Patients With ARF/ARDS Experienced No Death, Few Complications From Lung Biopsy

Lung biopsies aimed at identifying the underlying causes of acute respiratory failure and ARDS present no mortality risk.

Patients with acute respiratory failure (ARF), including those with acute respiratory distress syndrome (ARDS), experienced no deaths and few complications from undergoing a lung biopsy, according to review and meta-analysis results published in Respiratory Investigation.

Although lung biopsies have been suggested as a means of verifying the causes of ARF and ARDS, the safety of such biopsies has been unclear. Investigators in Japan therefore sought to assess patients with ARF or ARDS for complications of lung biopsy. Primary endpoints included cardiac complications, respiratory failure, bleeding, other major complications, and biopsy-related death.
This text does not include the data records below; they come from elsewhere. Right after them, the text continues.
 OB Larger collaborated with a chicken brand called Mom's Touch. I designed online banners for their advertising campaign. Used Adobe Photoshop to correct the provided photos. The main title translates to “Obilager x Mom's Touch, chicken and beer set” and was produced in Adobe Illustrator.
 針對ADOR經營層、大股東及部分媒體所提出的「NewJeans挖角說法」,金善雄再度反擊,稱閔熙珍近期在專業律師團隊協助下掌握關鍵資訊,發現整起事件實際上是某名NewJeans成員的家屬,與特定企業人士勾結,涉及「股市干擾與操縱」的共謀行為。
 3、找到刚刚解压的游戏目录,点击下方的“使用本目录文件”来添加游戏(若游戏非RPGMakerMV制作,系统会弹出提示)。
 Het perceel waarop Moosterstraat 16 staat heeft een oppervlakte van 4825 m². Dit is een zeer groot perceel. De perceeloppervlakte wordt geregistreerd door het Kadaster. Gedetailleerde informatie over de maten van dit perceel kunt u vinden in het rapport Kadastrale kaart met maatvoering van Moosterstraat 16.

The researchers conducted a systematic review and meta-analysis of 13 studies (2 prospective cohort studies, and 11 retrospective cohort studies) that included 574 patients. These studies, which all evaluated surgical lung biopsies, were published in English and found in the MEDLINE and Cochrane Central Register of Controlled Trials through May 2020. Patients included were at least 16 years of age, were critically ill with ARF or ARDS and had received care in the intensive care unit or emergency department, and had required mechanical ventilation.
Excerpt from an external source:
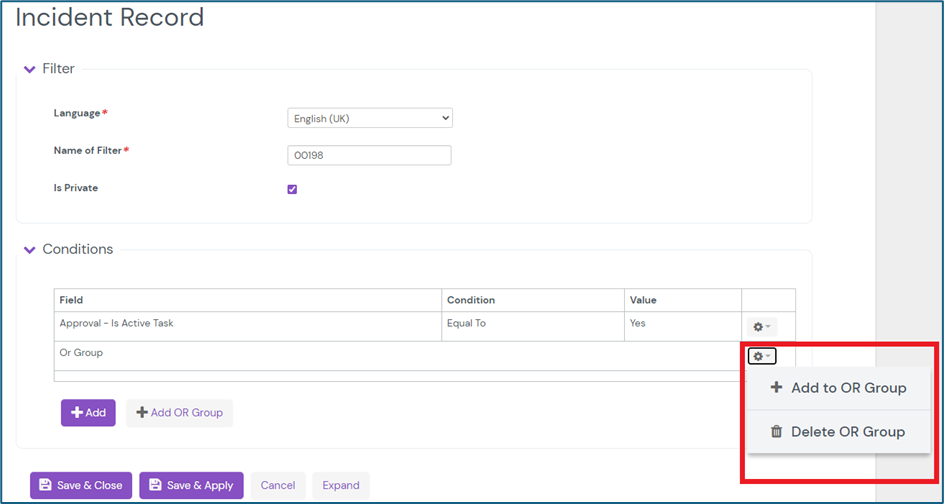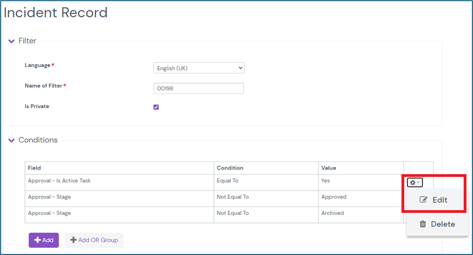 6.2 To delete an OR Group, click the Cog Menu and select Delete OR Group.
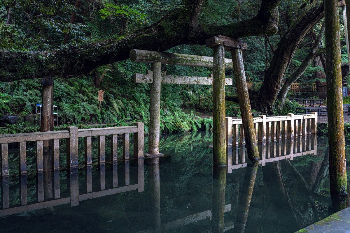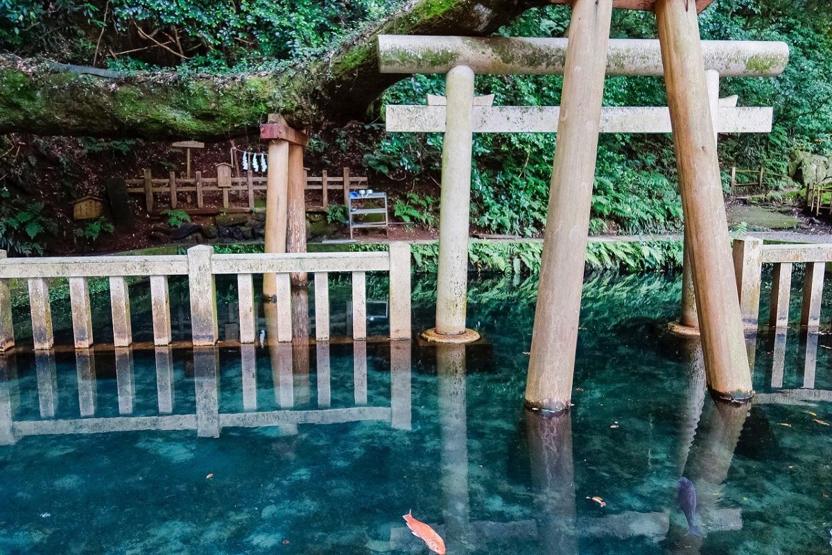 อีกหนึ่งไฮไลต์ที่ทำให้นักท่องเที่ยวต่างลงความเห็นว่าจะต้องมาโดนที่นี่ให้ได้ก็คือสระน้ำที่ซ่อนอยู่ด้านหลังศาลเจ้า ซึ่งมีชื่อเรียกว่า มิตาราชิอิเกะ (Mitarashi Ike) แปลว่าสระน้ำศักดิ์สิทธิ์ โดยเราสามารถกล่าวได้ว่าน้ำของที่นี่มีความใสสะอาดจริง เพราะเป็นน้ำที่ผุดขึ้นมาจากใต้ดิน หากลองสังเกตที่บริเวณผิวน้ำในสระดีๆ เราจะเห็นฟองน้ำที่กำลังผุดขึ้นมาจากก้นบ่อด้วย (ใสเบอร์นั้นจริงๆนะคะคุณ~)

Investigators found median overall hospital mortality was 53% (range 17%-90%), and that no biopsy-related deaths were reported under this median. Pooled frequencies for cardiac complications were 1.03% (95% CI, 0.00%-3.73%); respiratory failure, 1.30% (95% CI, 0.00%-5.69%); bleeding, 1.46% (95% CI, 0.16%-3.56%); other major complications, 4.26% (95% CI, 0.00%-13.0%), and biopsy-related death, 0.00% (95% CI, 0.00%-0.21%).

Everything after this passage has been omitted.